El local fue primeramente tienda de tejidos, inaugurada en 1929, ya en 1934, cuando por Asturias los mineros andaban revueltillos, nada nuevo bajo el sol, se convierte en negocio de vinos y taberna, y así hasta hoy, permaneciendo el negocio en la misma familia, recordando especialmente a Manuel Vizcaíno, un tabernero de raza, de tiza en la oreja y mandil apretado, que nos dejó en 2006 dejándole el timón desde entonces a su sobrino, Juan Gabriel Begerano Vizcaíno.

Abierto a la plaza, a la calle Feria, con las cristaleras originales del negocio, su variopinta clientela se acomoda entre la barra y la calle. Aquí no hay complicaciones gastronómicas, arvellanitas y altramuces, para acompañar Cruzcampo fría, no hay más historia. Barriles de vinos generosos a granel, de vermouth casero y botellas de aguardientes y brandys para las frías mañanas del invierno.

El jueves Un acontecimiento semanal marca la vida del bar, El Jueves, ese rompeolas de vidas derrotadas que ponen en almoneda el viejo cuarto de casa de mamá, los coches de scalextrics, las llaves del portón de madera, los best sellers de Morris West y Gironella, y, entre ellos, las antigüedades, de casas venidas a menos, de sacristías y conventillos, nos miran, desde abombados óleos llenos de humedad, caras que vivieron quizás en casas bien, de patios de fuentes de mármol y grandes macetas de cintas y aspidistras.

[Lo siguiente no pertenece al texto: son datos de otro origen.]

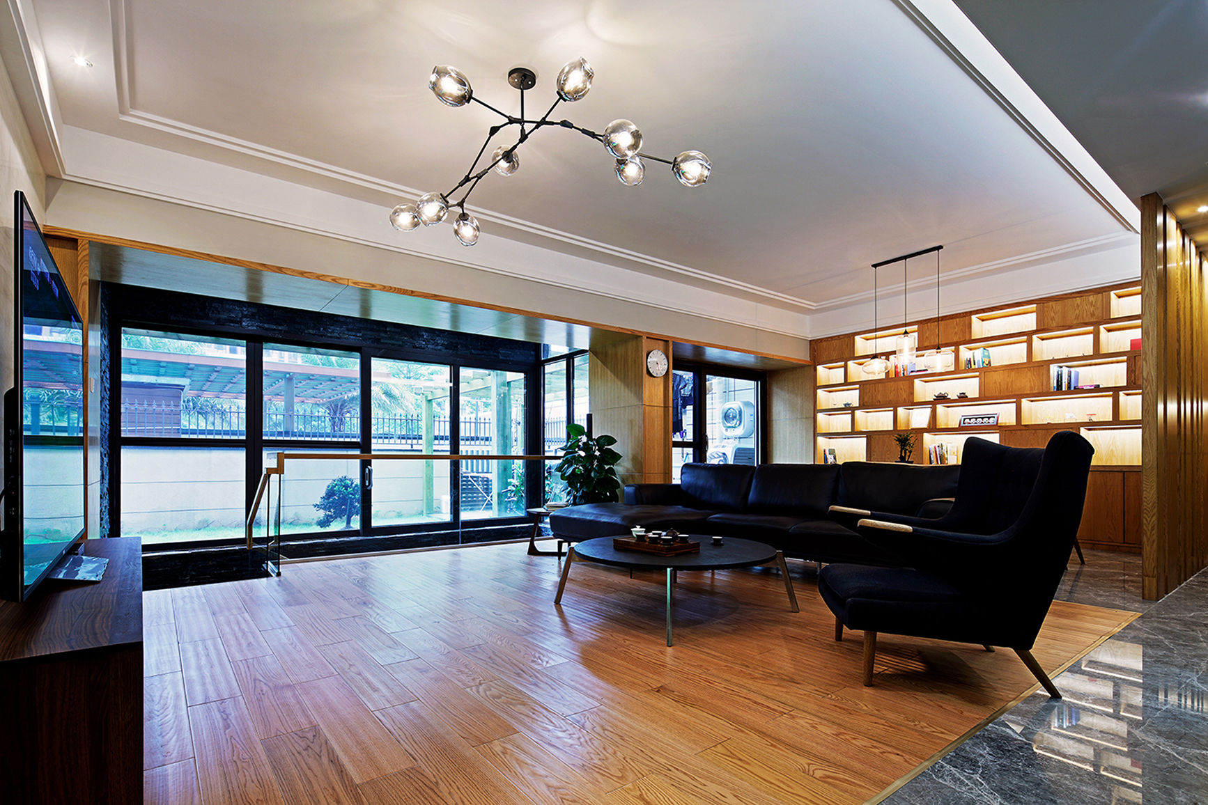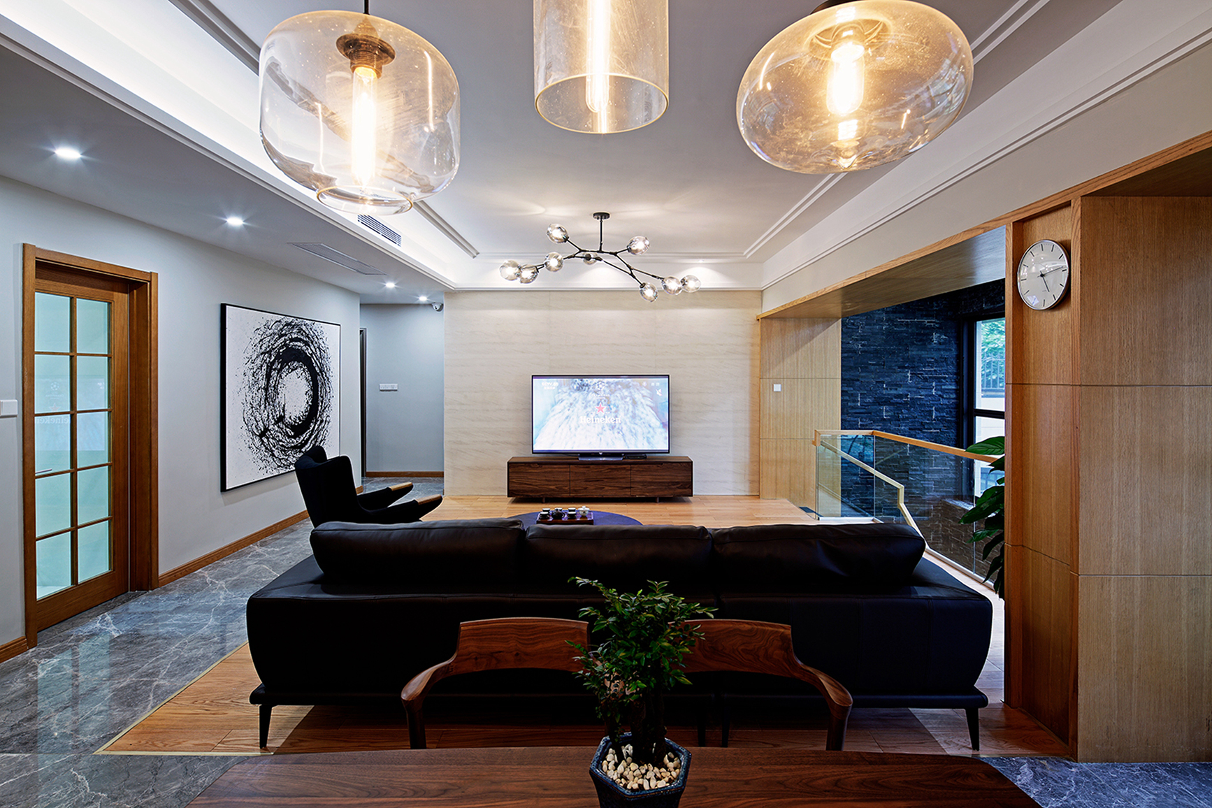 黑色皮沙发恰到好处的压住整个空间的气场,优雅却不张扬,同时带给我们一丝小小的复古情怀。

En la puerta, apoyados en las mesas altas, progres, bohemios, turistas, estudiantes, menesterosos, chamarileros, profesionales en busca de la ganga que ya nunca aparece, desde que el profesor Carriazo encontró su bronce. Detrás de la barra, la profesionalidad austera: -¿Qué va a ser? -Dos cervezas y unos altramucitos. Salimos bajo el toldo y encendemos un emboquillado, mirando hacia el puesto de libros de Luis, donde trastean los últimos letraheridos del papel impreso. Damos una bocanada de libertad y apuramos la caña: -Dos más, por favor.

Ficha

  • Propietario: Juan Gabriel Begerano Vizcaíno
  • Dirección: C/ Feria, 27. 41003 SEVILLA.